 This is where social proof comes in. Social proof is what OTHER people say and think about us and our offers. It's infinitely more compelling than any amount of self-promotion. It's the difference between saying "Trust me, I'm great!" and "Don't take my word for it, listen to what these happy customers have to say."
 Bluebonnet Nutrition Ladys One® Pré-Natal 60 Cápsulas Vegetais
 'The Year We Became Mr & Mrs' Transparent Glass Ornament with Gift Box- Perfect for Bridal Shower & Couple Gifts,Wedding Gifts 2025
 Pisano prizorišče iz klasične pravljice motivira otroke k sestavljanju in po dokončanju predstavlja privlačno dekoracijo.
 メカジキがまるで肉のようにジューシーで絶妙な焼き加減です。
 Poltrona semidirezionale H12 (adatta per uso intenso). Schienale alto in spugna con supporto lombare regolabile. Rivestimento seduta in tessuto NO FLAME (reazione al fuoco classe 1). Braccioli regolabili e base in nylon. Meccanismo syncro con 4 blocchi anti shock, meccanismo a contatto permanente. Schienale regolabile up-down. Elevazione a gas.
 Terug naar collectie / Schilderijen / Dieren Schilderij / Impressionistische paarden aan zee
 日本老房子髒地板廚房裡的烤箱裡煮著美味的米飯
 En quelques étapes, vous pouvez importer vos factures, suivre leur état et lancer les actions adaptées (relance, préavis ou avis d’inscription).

──────

Set down the material exactly, keeping every line.

### RESPONSE TO THIS EXERCISE
 This is where social proof comes in. Social proof is what OTHER people say and think about us and our offers. It's infinitely more compelling than any amount of self-promotion. It's the difference between saying "Trust me, I'm great!" and "Don't take my word for it, listen to what these happy customers have to say."
 Bluebonnet Nutrition Ladys One® Pré-Natal 60 Cápsulas Vegetais
 'The Year We Became Mr & Mrs' Transparent Glass Ornament with Gift Box- Perfect for Bridal Shower & Couple Gifts,Wedding Gifts 2025
 Pisano prizorišče iz klasične pravljice motivira otroke k sestavljanju in po dokončanju predstavlja privlačno dekoracijo.
 メカジキがまるで肉のようにジューシーで絶妙な焼き加減です。
 Poltrona semidirezionale H12 (adatta per uso intenso). Schienale alto in spugna con supporto lombare regolabile. Rivestimento seduta in tessuto NO FLAME (reazione al fuoco classe 1). Braccioli regolabili e base in nylon. Meccanismo syncro con 4 blocchi anti shock, meccanismo a contatto permanente. Schienale regolabile up-down. Elevazione a gas.
 Terug naar collectie / Schilderijen / Dieren Schilderij / Impressionistische paarden aan zee
 日本老房子髒地板廚房裡的烤箱裡煮著美味的米飯
 En quelques étapes, vous pouvez importer vos factures, suivre leur état et lancer les actions adaptées (relance, préavis ou avis d’inscription).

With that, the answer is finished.